Pochód procesyjny odbywa się do pięknie ustrojonych czterech ołtarzy. Bardzo często przyozdabia się je gałązkami brzozowymi. Do dziś, po procesji, uczestnicy pochodu zrywają brzozę, by zabrać ją później do domu. Niektórzy głęboko wierzą, że te gałązki zapewnią domowi i jego mieszkańcom ochronę. Dawniej wieszano je nad drzwiami lub chowano za obraz. Miały chronić izbę od trafienia pioruna. Często zanoszono je także w pole, by chroniły uprawy przed złą pogodą i szkodnikami. Na Podkarpaciu gałązki brzozy zerwane w procesji „wtykano” w pole lnu. Im wyższa była gałązka, tym wyżej len miał rosnąć. Bardzo często, kiedy procesja idzie drogą wiejską, z boku rosną zboża.
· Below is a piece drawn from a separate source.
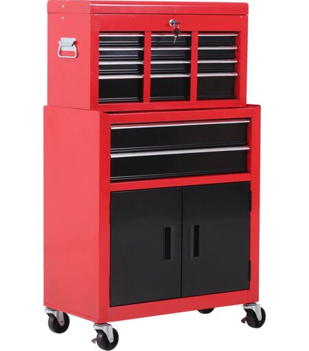 Homcom - Servante d'atelier - caisse à outil 6 tiroirs + coffre amovible - chariot d'atelier tôle métal rouge noir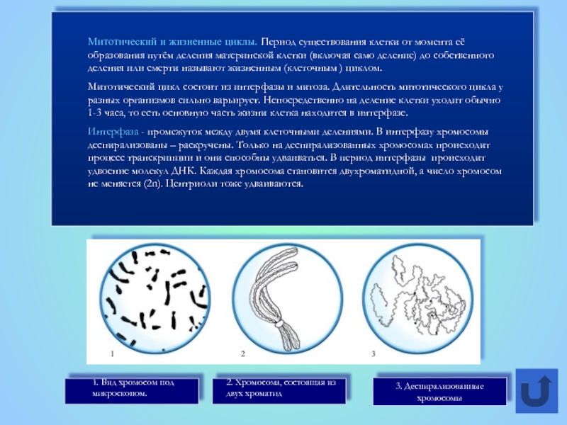 Передача наследственной информации происходит с помощью хромосом, расположенных в ядре клетки. Хромосомы состоят из ДНК и белков. Комплекс ДНК с белком называется хроматином. Каждая хромосома перед делением состоит из двух нитей – хроматид, соединяющихся между собой в области перетяжки – центромеры.

Przejście procesji pomiędzy tą roślinnością miało zapewnić ochronę dla tych zasiewów. Przed Bożym Ciałem starano się nie zbierać kwiatów i ziół, które rosły przy drodze, którą podąża procesja. Wierzono, że te rośliny „widziały oczy nieboszczyka”, ponieważ tymi samymi drogami szły kondukty żałobne. Ludzie wierzyli, że takie kwiaty mogły wyrządzić dużo krzywdy i sprowadzić ogromne nieszczęście. Rośliny z pobocza zbierano dopiero po procesji i używano ich do robienia leczniczych naparów (ale tylko do Oktawy Bożego Ciała). Jeszcze do niedawna z okazji tego święta gospodynie wiły wianki i wcześniej zanosiły je do kościoła. Tam zostawały one do momentu, aż zostaną uświęcone. W Oktawie Bożego Ciała zabierano je do domów. Dziś wspomniane wianki przynosi się do kościoła i święci już tylko w Oktawę Bożego Ciała. Wianki wiło się z roślin, które według wierzeń ludowych miały moc leczniczą, np. bławatki, mięta, macierzanka, piołun, wrotycz i boże drzewo i rozchodnik. Uwite wianeczki musiały być zaniesione do kościoła w liczbie nieparzystej. Jeżeli ktoś chorował, część ususzonych wianków kruszono na pokrywkę, po czym spalano suche rośliny i okadzano nimi izbę. Najważniejszy był jednak rozchodnik. Jak sama nazwa mówi, powodował on „rozchodzenie się czaru” i jego wychodzenie z chałupy. Czasem wykruszone fragmenty wianka dodawano do wody i podawano do picia dopiero co ocielonej krowie, by ta szybko odzyskała siły.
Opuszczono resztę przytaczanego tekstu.